**Prompt**
Only the lines from the first line of the data through the line containing "圖2. 使用Mirus CHOgro?" belong in the answer, transcribed exactly; pictures do not.

**Supplied material**
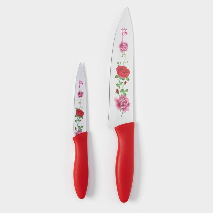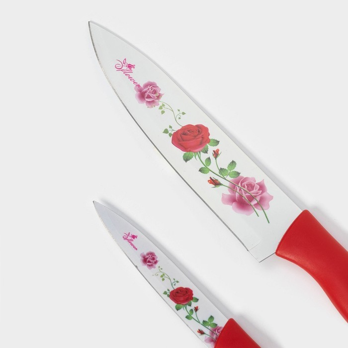 Набор кухонных принадлежностей Доляна «Нарцисс», 3 предмета: 2 ножа с антиналипающим покрытием, лезвие 12 см, овощечистка, 20?4 см, красныйВопросы по товару
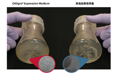圖2. 使用Mirus CHOgro? High Yield Expression System中的CHOgro? Expression Medium進(jìn)行培養(yǎng)(左),細(xì)胞結(jié)塊數(shù)量顯著少于其他培養(yǎng)基培養(yǎng)的CHO-S細(xì)胞(右)。
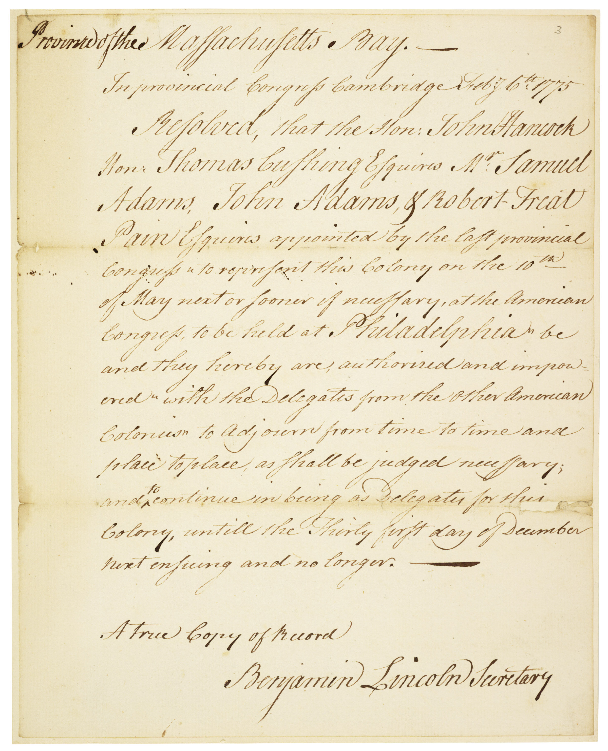 On February 6, 1775, the Massachusetts Provincial Congress selected John Hancock, Thomas Cushing, Samuel Adams, John Adams, and Robert Treat Paine as delegates to represent Massachusetts in the Second Continental Congress. The Massachusetts Provincial Congress was the governing body in opposition to the British Crown-appointed governor and council.
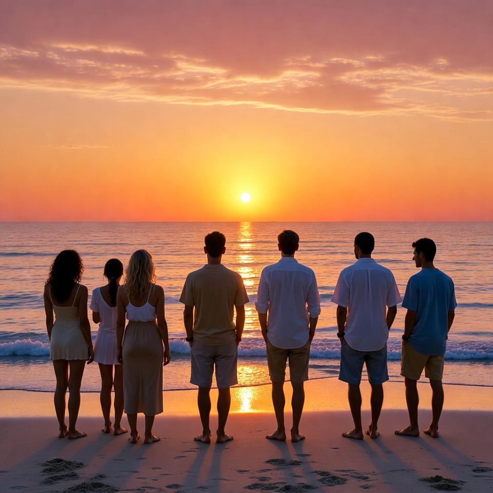 Six people, including women and men, stand barefoot on a sandy beach facing the ocean at sunset. They wear light summer clothing like dresses and shirts, silhouetted against the vibrant orange and pink sky. The sun hovers low over the calm sea waves.

**Task response**
 Набор кухонных принадлежностей Доляна «Нарцисс», 3 предмета: 2 ножа с антиналипающим покрытием, лезвие 12 см, овощечистка, 20?4 см, красныйВопросы по товару
圖2. 使用Mirus CHOgro? High Yield Expression System中的CHOgro? Expression Medium進(jìn)行培養(yǎng)(左),細(xì)胞結(jié)塊數(shù)量顯著少于其他培養(yǎng)基培養(yǎng)的CHO-S細(xì)胞(右)。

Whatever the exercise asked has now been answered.